SOD1 also participates in the cell-to-cell propagation of aggregates over serial passages [44], [45], suggesting that protein aggregation represents an important and common pathogenic mechanism. Many mutations in genes encoding proteins other than TDP-43 and SOD1 have since been discovered, but histopathology mainly converges on the deposition of misfolded TDP-43, and in some cases, SOD1 or FUS, regardless of the initial cause of the disease [29].

1.3. Other molecular players in ALS and FTLD: FUS, C9orf72 and tau

FUS is another RNA binding protein that is normally found in the nucleus but shows enhanced aggregation propensity as a result of ALS-associated mutations, and is deposited in cytoplasmic inclusions in a small subset of both sALS and fALS cases (for review see [46]). One study has demonstrated that a mutational variant of FUS can seed the aggregation of WT FUS both in vitro and in vivo; however, there is currently no experimental evidence of cell-to-cell transfer of FUS aggregates in a similar manner to those of TDP-43 and SOD1 [47].

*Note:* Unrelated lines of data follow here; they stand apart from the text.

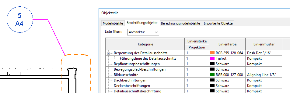 Sie können Linienstärke, Farbe und das Muster von Detailausschnittsbeschriftungsblöcken und Führungslinien ändern. Die hier angegebenen Einstellungen gelten für alle Detailausschnitte des Projekts.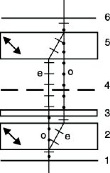 Interferenzmikroskop 4: Polarisationsinterferometer nach Jamin-Lebedeff. 1 Polarisator, 2 und 5 gleiche Kalkspat- oder Quarzplatten, 3 λ/2-Platte, 4 Objektebene, 6 Analysator, o ordentlicher und e außerordentlicher Strahl.
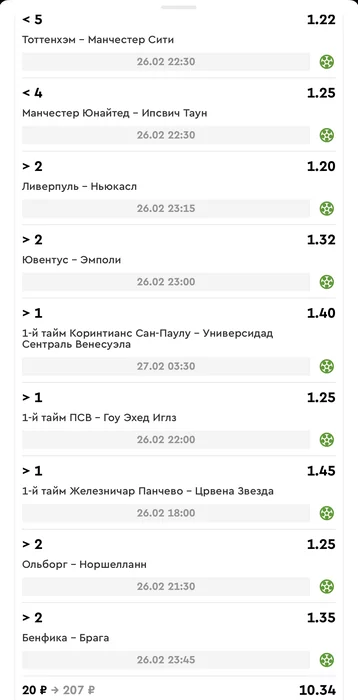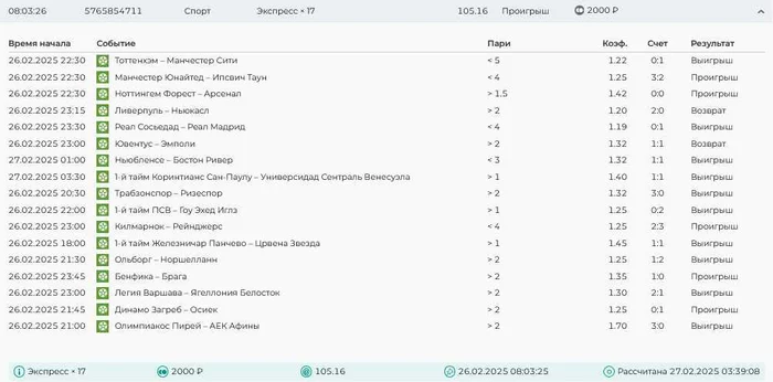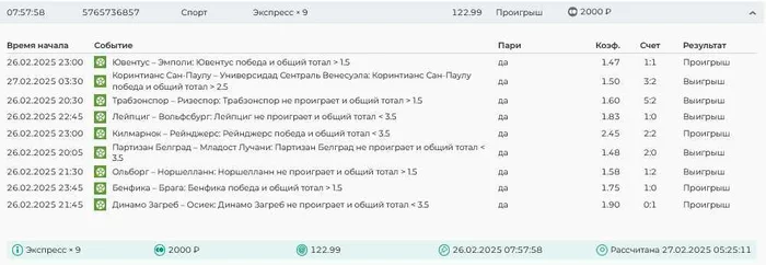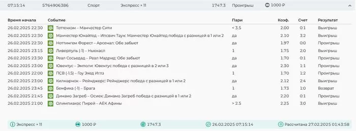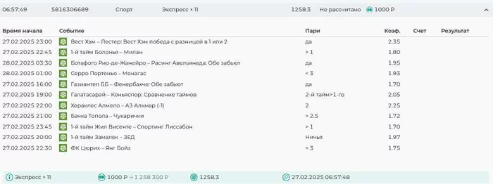Проигрыш всех экспрессов 26.02.25 - 6 000р, По догонам +1240 р соответственно . Прибыль за год по экспрессам 73 200р, за февраль 36 320р. По догонам с начала года наша прибыль составляет 230 600 р, за февраль по сегодняшний день наша прибыль составляет 112 840р. Таким образом с начала года наша общая прибыль 311 000р, прибыль за февраль 155 160р! Экспрессы на сегодня 27.02.25.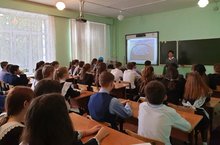 В 8А и 8Б классах прошел кл.час "Учитель! Как много в этом слове...".На кл.часу выступила Почетный работник общего образования Министерства образования и науки РФ, заслуженный работник культуры Республики Татарстан, учитель, посвятившая 44 года воспитанию и обучению подрастающего поколения - Гатауллина Файруза Насибулловна. -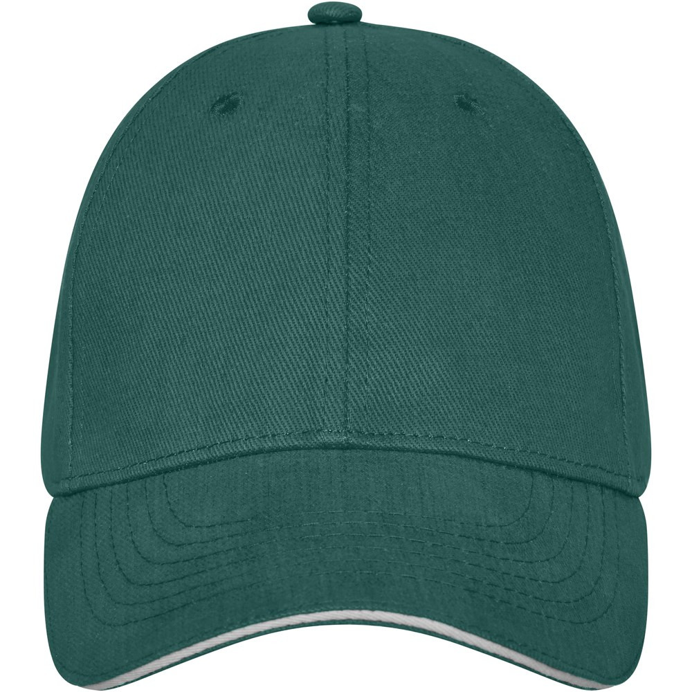 Darton 6 panel sandwich cap har en forbøjet visir med et stilfuldt sandwich design, der ikke kun giver klassisk æstetik, men også afgørende solbeskyttelse. De broderede øjer sikrer optimal ventilation, så du kan holde dig kølig og rolig under udendørs aktiviteter. Med en hovedomkreds på 58 cm lover den en behagelig pasform til forskellige hovedstørrelser. Metalspændelukningen giver mulighed for nem og sikker justering. Fremstillet af 260 g/m² kraftig børstet bomuldstwill. Det ideelle tilbehør til afslappede udflugter eller udendørs aktiviteter.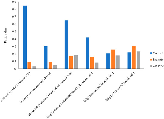 - Antalick, G.; Suklje, K.; Blackman, J.; Meeks, C.; Deloire, A.; Schmidtke, L.M. Influence of grape composition on red wine ester profile: Comparison between cabernet sauvignon and shiraz cultivars from australian warm climate. J. Agric. Food Chem. 2015, 63, 4664–4672. [Google Scholar] [CrossRef] [PubMed]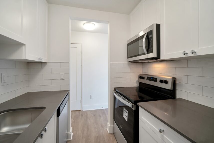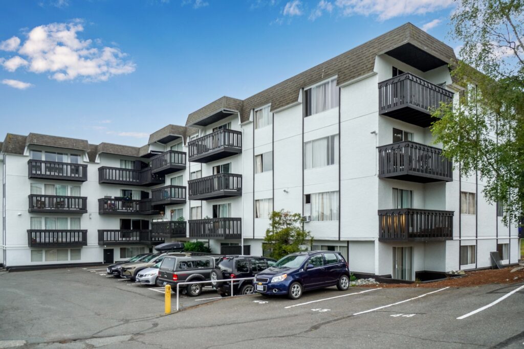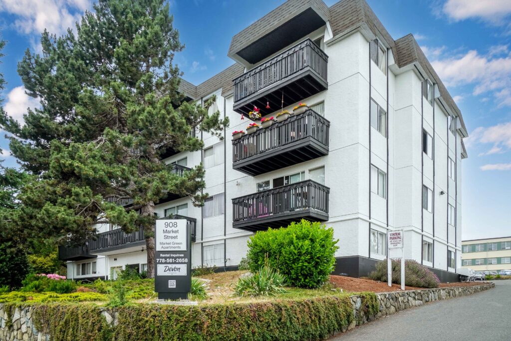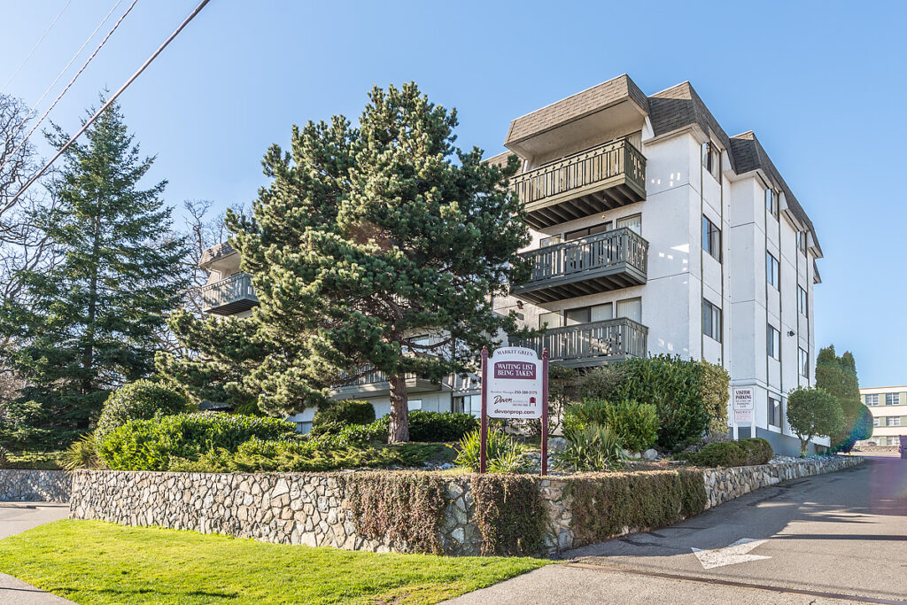 Market Green is a four-storey, 55-unit apartment building comprised of bachelor and one-bedroom suites, with a balcony attached to every upper floor unit. All available units have been newly renovated with stainless steel appliances, new cabinetry, and beautifully upgraded kitchens and bathrooms. The property is located in the Hillside/Quadra neighborhood with two parks just outside its doorstep, and with convenient access to major bus routes.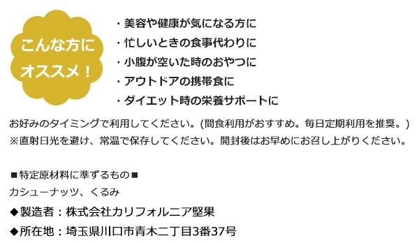 | 原材料 | アーモンド(アメリカ産) カシューナッツ(インド産) くるみ(アメリカ産) 乾燥クランベリー(アメリカ産)、砂糖、植物油脂 レーズン(アメリカ産)、植物油脂 |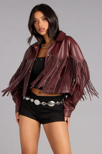 Cause a scene when you step out in this faux leather crop shacket with edgy stud trim and fringe detailing that spices up any concert or festival!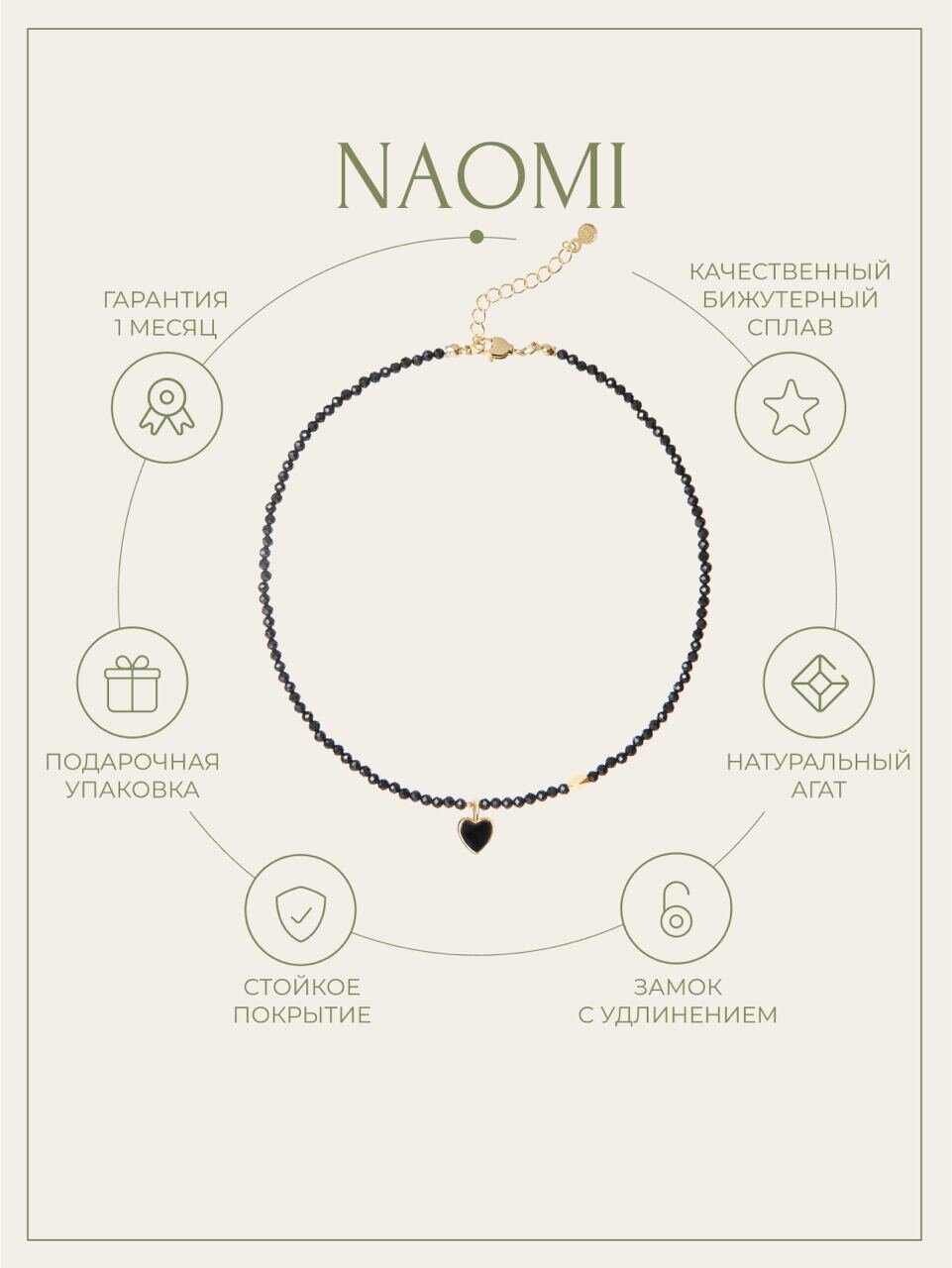 10 цен на Чокер из натурального камня, Регулируемый 36 см (+4), Колье Naomi на шею из Агата, Украшение с подвеской в форме сердца с покрытием эмалью, Подарок на 14 февраля, 8 марта для женщин, девушек, MOON SOUL
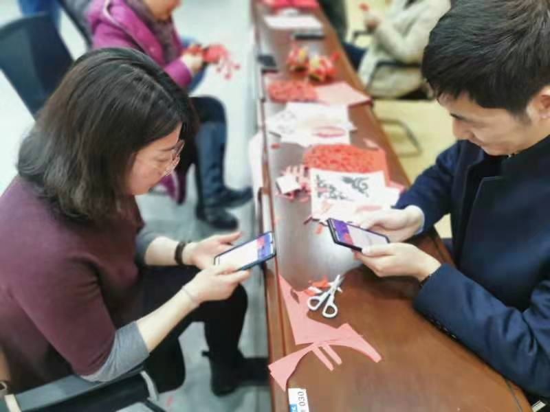 联欢会的第三个环节,是进行写春联、剪窗花、编中国结、学习强国双人对战等趣味比赛环节。报名参赛的老师八仙过海、各显神通,展示出了建工人在专业知识之外的各种才艺和技能。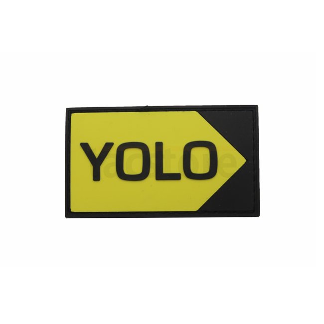 Heugabel Jalon YOLO Aufnäher - Farbe, 70 x 45,5 mm Abmessungen.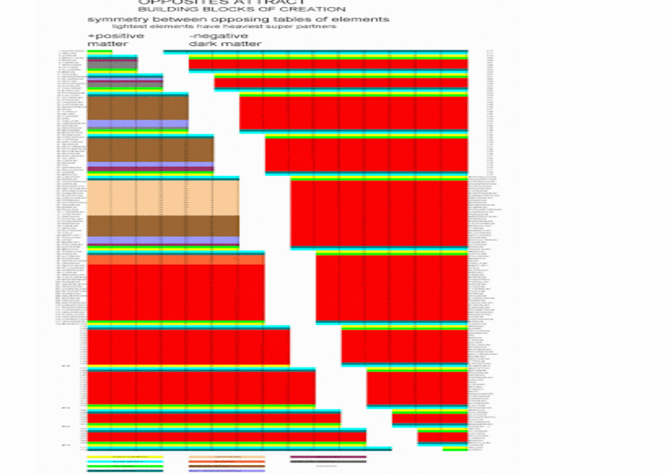 Each "element" has a heavier super partner up to z172, The lighter elements have the heaviest super partners, (dark matter/supersymmetric particles). Hydrogen, the lightest element has the heaviest super partner.

A major discovery was made in 2011, when genomic sequencing revealed a noncoding GGGGCC nucleotide repeat expansion in the first intron of gene C9orf72 as the most common cause of familial ALS and FTLD, as well as accounting for a considerable proportion of sporadic cases [48], [49]. While the presence of fewer than 30 repeats is now associated with disease, in affected patients this can reach up to hundreds or even thousands of repeats, although there is no clear relationship between the size of the nucleotide repeat expansion and either disease severity or age of onset [50]. Putative mechanisms of neurotoxicity include: loss of functional C9orf72 protein, production of toxic RNA foci and accumulation of different dipeptide repeats encoded by the hexanucleotide repeat expansions (for review see [50]), all of which are capable of disrupting normal cellular function. Very recently it was shown that these dipeptide repeat proteins can undergo cell-to-cell transfer through direct intercellular contact as well as exosome dependent mechanisms [51].

No mutations in the MAPT gene encoding the microtubule-associated protein tau have so far been associated with ALS, but there appears to be an overlap in histopathology between hyperphosphorylated tau and TDP-43 in some cases of ALS with cognitive impairment, although the significance of this is unclear [52]. Tau pathology is more commonly found in diseases including Alzheimer's disease and a subset of FTLD, collectively termed as tauopathies. Transfer of aggregated tau between cells has been demonstrated in several studies (for review see [53]), and there is evidence that different tau strains exist that are capable of serially propagating their distinct structural properties in both cell lines and in mice.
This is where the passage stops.